Il debutto dell’associazione culturale è avvenuto il 30 aprile di quest’anno quando all’interno del Festival del Cinema Africano, che si svolge ad Ancona ormai da nove anni, abbiamo avuto l’onore di proporre al pubblico il nostro primo film di Bollywood… Mangal Pandey. Confesso che questo debutto è stato veramente un graditissimo omaggio del suo organizzatore Gabriele Sospiro che, una volta venuto a conoscenza del nostro progetto, ci ha interpellato dandoci appunto la possibilità di proiettare un film indiano e così in men che non si dica, abbiamo realizzato il primo degli eventi che ci eravamo prefissate e questo, prima ancora di quanto pensassimo.
la prima iniziativa di bollywood italia
Due mesi dopo, eravamo pronti per il nostro primo vero evento cinematografico: la prima edizione della rassegna cinematografica “Namaste Italia” un week end dedicato al buon cinema bollywoodiano in cui lo spettatore ha avuto la possibilità di assistere alla proiezione di ben 3 film: sabato 26 giugno si è potuto assistere nel pomeriggio alla proiezione di film in lingua hindi con sottotitoli in italiano dal titolo Dhoom 2 un film giovane e frizzante i cui interpreti principali sono Abhishek Bachchan, Uday Chopra, Hrithik Roshan, Aishwarya Rai Bachchan e Bipasha Basu.

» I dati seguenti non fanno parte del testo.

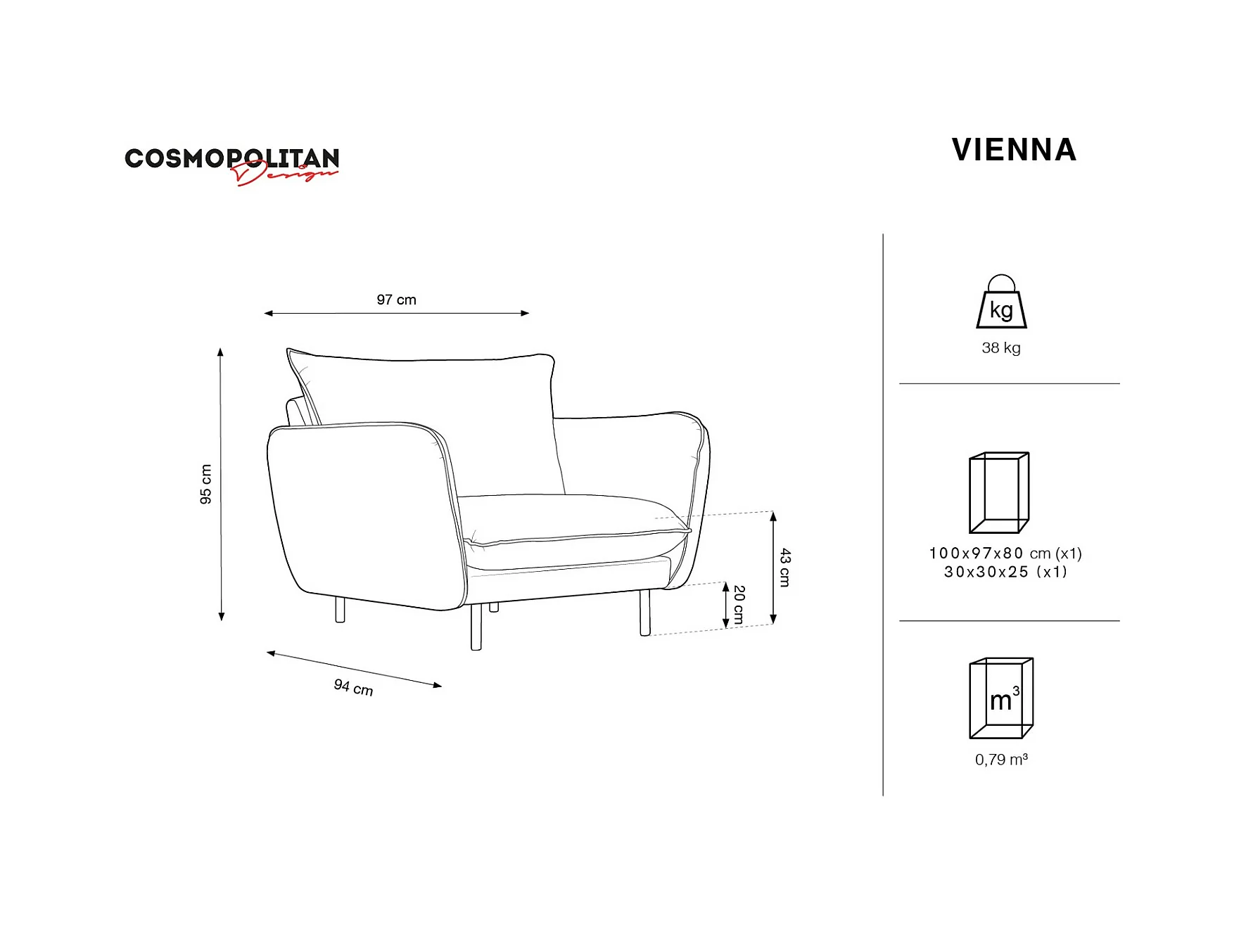 Cosmopolitan Design - Fotel, "Vienna" welur, zielony butelkowy - 97x94x95cm

Subito dopo cena invece la proiezione riservava una vera chicca: la visione, sempre in lingua originale con sottotitoli in italiano del capolavoro chiamato Devdas con Shah Rukh Khan, Aishwarya Ray Bachchan, Madhuri Dixit, Jackie Shroff, Kirron Kher.
La giornata di domenica, è iniziata con un buonissimo pranzo tipico indiano, al ristorante “L’India” di Piazza Rosselli ad Ancona che vi consigliamo vivamente. Nel pomeriggio poi, il via all’ultima proiezione della rassegna con il film Dil Chahta Hai con Aamir Khan, Saif Ali Khan, Akshaye Khanna, Preity Zinta e Dimple Kapadia.
Se vi è piaciuto quello che avete letto fino ad ora, sappiate che il 2011 non sarà da meno e che abbiamo tanto da raccontare, da proiettare, da condividere con tutti voi.
L’associazione Culturale Bollywood Italia, nasce dall’idea di alcune amiche che condividono la passione per il cinema indiano e che sicuramente non si accontentano di vedere film di Bollywood o dell’India del sud o altro ancora, dalla comoda poltrona di casa.
Dopotutto Bollywood è un fenomeno universale presente in tutto il mondo, tranne che in pochissime nazioni e purtroppo tra queste, ci siamo anche noi. La storia di Bollywood è la storia del cinema mondiale.
I film indiani raggiungono i quattro angoli della terra e non sono visti solo da persone che appartengono alla cultura del sub continente indiano, magari lontano dalla propria terra per lavoro o per studi o anche perché nati e cresciuti in un’altra nazione… no, il suo pubblico è eterogeneo, ama il cinema con la C maiuscola, Bollywood è questo ed altro ancora.
L’idea ci è venuta dopo esserci incontrate nel 2009 alla rassegna cinematografica dedicata all’India e al suo cinema; rassegna che è presente a Firenze da moltissimi anni dal titolo “River to River Florence Indian Film Festival” la cui organizzazione è curata dalla bravissima Selvaggia Velo, e che quest’anno è giunto alla sua 10 edizione. Così tra la visione di un cortometraggio, di un documentario, di un lungometraggio o di un film relativo alla rassegna dedicata al bravissimo regista indiano Guru Dutt, abbiamo pensato: sarebbe una cosa meravigliosa poter avere la possibilità di scegliere tra i film proposti nei vari cinema italiani, anche quelli che appartengono a questo tipo di filmografia.
Perchè Bollywood non ha nulla da invidiare ad Hollywood e neanche alla migliore cinematografia europea. Il cinema indiano così radicato nelle proprie radici, così diverso dalla nostra cultura, così ricco di danze, colori, sentimenti, passioni,merita di avere un vasto pubblico…. anzi, noi italiani amanti del buon cinema ci meritiamo di vedere dei bei film, diciamo pure di vedere il meglio della cinematografia mondiale e credeteci, il meglio in questo caso si chiama cinematografia indiana.